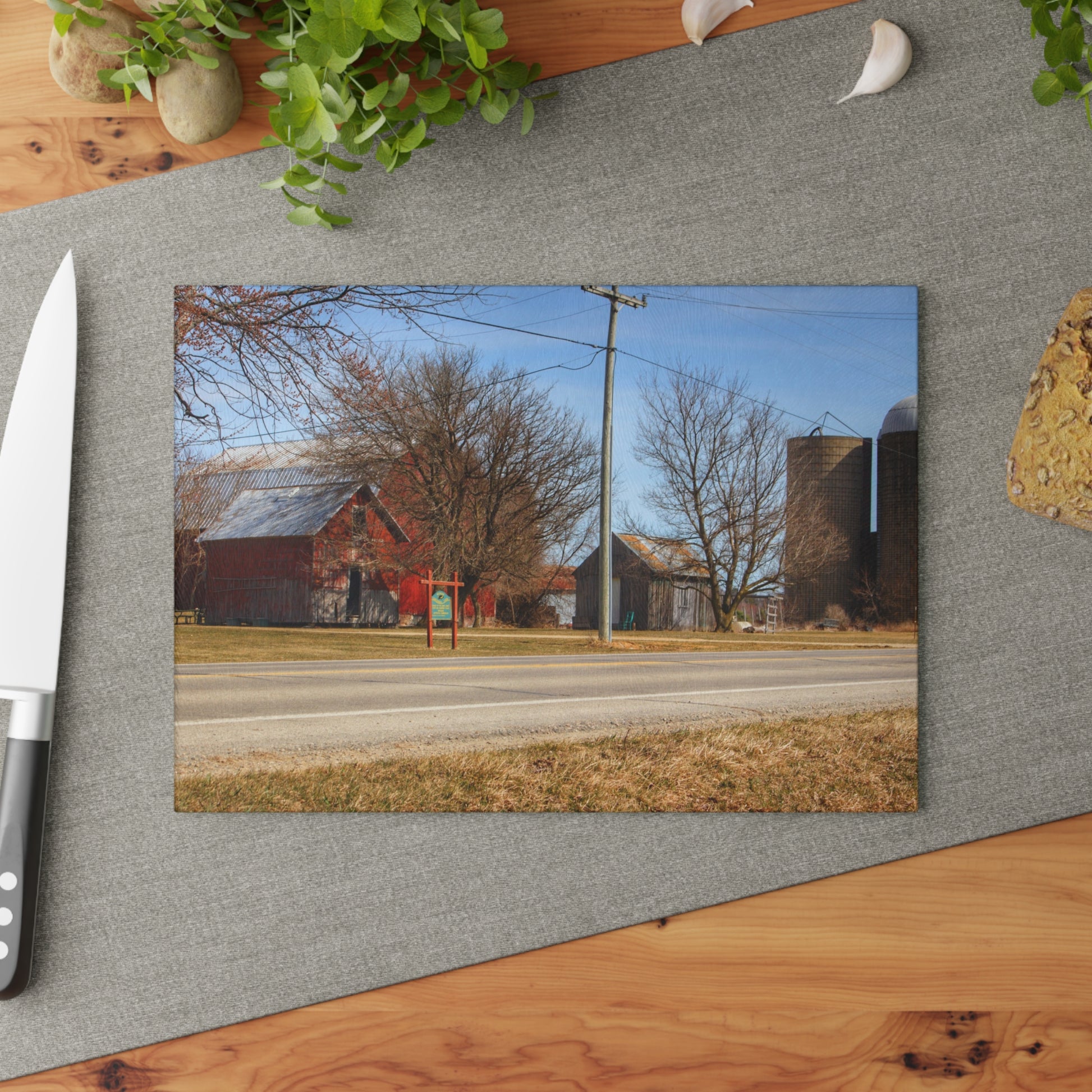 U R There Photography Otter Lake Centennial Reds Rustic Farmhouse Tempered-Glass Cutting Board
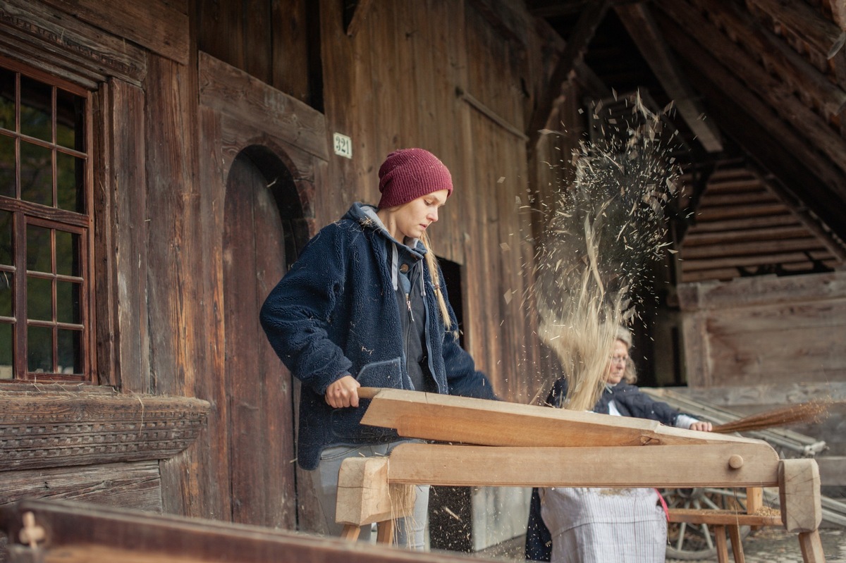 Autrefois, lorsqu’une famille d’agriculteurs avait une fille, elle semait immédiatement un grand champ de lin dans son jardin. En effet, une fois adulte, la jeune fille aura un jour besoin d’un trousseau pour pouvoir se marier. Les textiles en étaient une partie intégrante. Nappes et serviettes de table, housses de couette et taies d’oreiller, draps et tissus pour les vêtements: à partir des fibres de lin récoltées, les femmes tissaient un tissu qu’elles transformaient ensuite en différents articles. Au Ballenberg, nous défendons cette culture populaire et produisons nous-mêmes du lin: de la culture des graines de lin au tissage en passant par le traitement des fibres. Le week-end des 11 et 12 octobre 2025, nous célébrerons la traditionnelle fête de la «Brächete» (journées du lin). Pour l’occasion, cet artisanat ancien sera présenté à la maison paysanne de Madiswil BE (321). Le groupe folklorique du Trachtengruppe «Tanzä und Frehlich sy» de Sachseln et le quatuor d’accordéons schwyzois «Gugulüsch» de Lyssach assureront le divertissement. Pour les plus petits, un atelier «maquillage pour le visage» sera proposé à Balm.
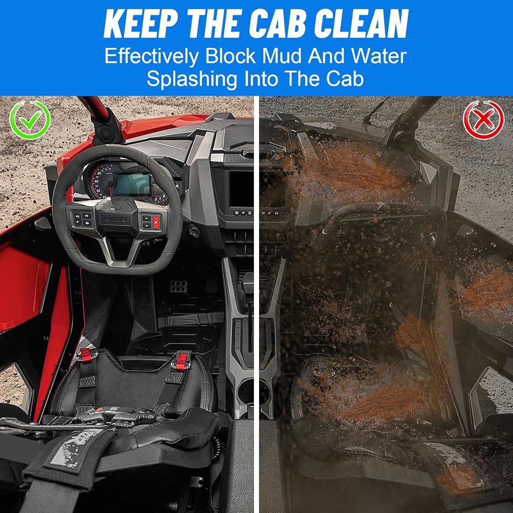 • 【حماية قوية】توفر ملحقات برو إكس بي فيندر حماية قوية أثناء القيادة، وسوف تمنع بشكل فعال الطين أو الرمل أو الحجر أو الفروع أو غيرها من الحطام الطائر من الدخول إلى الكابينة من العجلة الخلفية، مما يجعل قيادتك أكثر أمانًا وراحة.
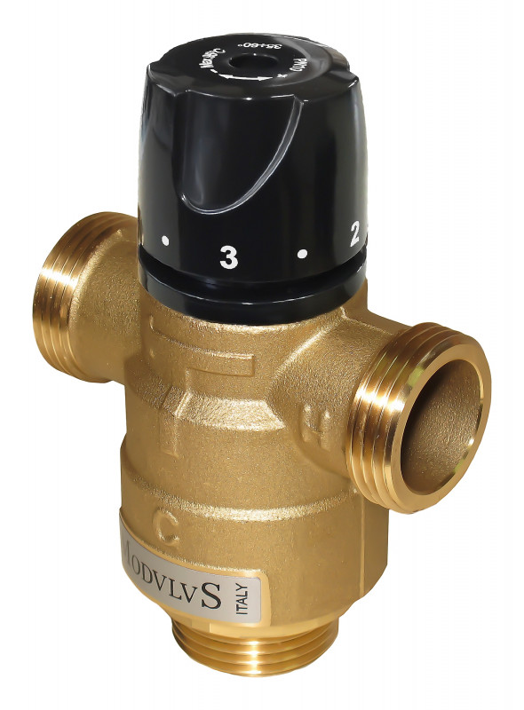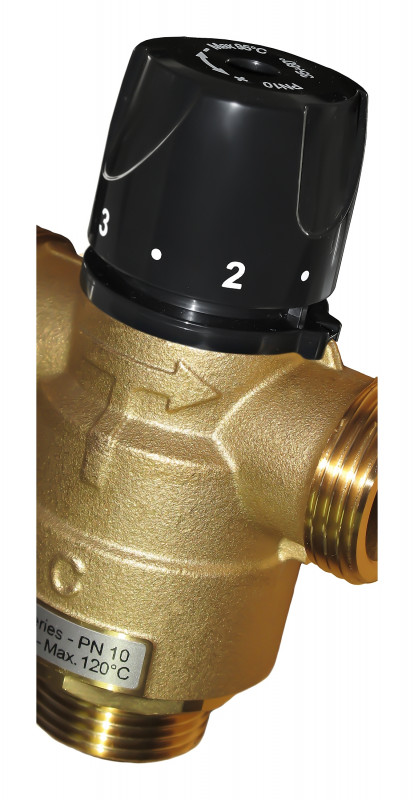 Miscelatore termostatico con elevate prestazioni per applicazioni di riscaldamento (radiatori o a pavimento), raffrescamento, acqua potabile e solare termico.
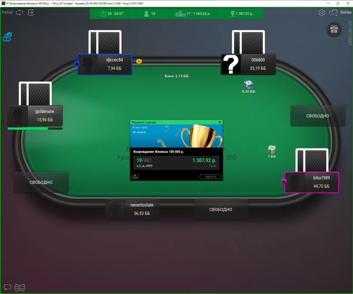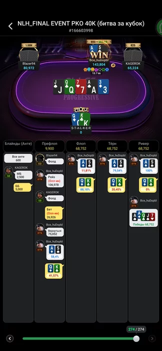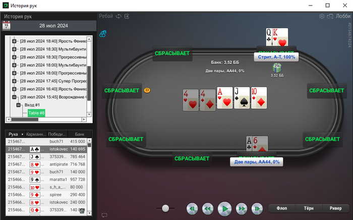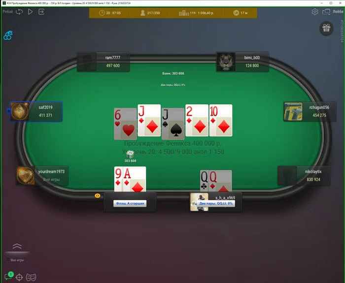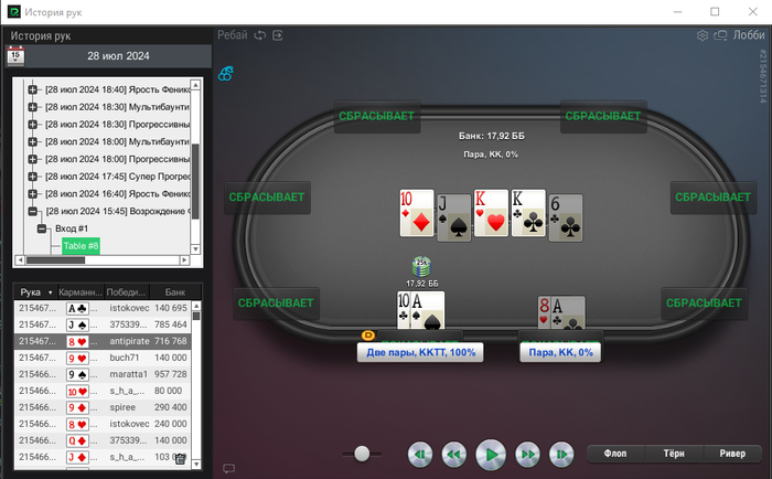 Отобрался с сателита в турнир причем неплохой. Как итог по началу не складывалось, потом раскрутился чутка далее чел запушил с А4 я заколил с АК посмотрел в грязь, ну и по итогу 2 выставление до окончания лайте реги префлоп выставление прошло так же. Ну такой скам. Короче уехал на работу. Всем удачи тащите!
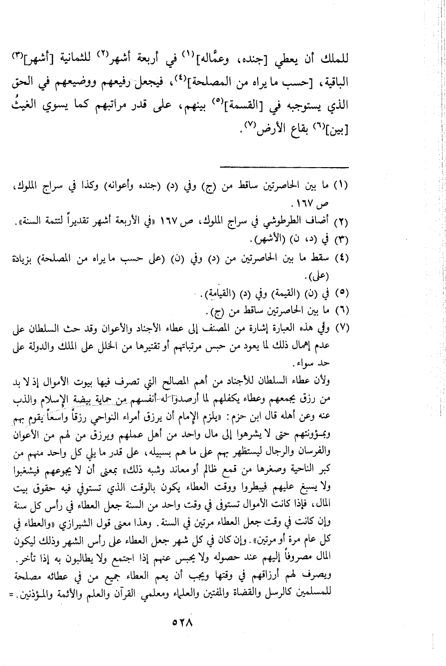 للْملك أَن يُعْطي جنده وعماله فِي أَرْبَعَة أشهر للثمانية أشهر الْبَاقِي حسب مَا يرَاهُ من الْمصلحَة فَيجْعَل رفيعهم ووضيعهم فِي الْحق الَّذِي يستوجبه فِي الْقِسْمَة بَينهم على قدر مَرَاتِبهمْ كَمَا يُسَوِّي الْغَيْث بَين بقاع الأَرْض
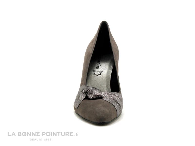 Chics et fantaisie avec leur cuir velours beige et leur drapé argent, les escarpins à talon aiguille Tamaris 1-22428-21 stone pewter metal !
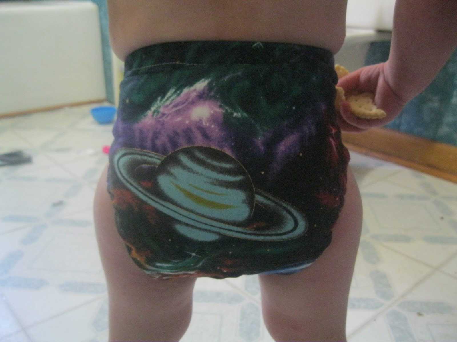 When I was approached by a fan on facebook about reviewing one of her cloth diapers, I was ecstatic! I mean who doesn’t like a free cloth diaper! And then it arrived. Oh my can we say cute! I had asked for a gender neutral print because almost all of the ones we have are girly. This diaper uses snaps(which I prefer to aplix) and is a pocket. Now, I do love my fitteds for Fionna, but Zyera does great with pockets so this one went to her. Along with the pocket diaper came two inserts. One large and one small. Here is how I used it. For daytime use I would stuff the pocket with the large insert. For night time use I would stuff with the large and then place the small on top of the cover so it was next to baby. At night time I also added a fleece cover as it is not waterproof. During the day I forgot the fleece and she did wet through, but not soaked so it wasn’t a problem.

================================

EXERCISE OBJECTIVE: Beginning with the line with "Chics et fantaisie", repeat the entries above exactly, up to and including the last line, leaving out pictures.

EXERCISE RESULT:
 Chics et fantaisie avec leur cuir velours beige et leur drapé argent, les escarpins à talon aiguille Tamaris 1-22428-21 stone pewter metal !
 When I was approached by a fan on facebook about reviewing one of her cloth diapers, I was ecstatic! I mean who doesn’t like a free cloth diaper! And then it arrived. Oh my can we say cute! I had asked for a gender neutral print because almost all of the ones we have are girly. This diaper uses snaps(which I prefer to aplix) and is a pocket. Now, I do love my fitteds for Fionna, but Zyera does great with pockets so this one went to her. Along with the pocket diaper came two inserts. One large and one small. Here is how I used it. For daytime use I would stuff the pocket with the large insert. For night time use I would stuff with the large and then place the small on top of the cover so it was next to baby. At night time I also added a fleece cover as it is not waterproof. During the day I forgot the fleece and she did wet through, but not soaked so it wasn’t a problem.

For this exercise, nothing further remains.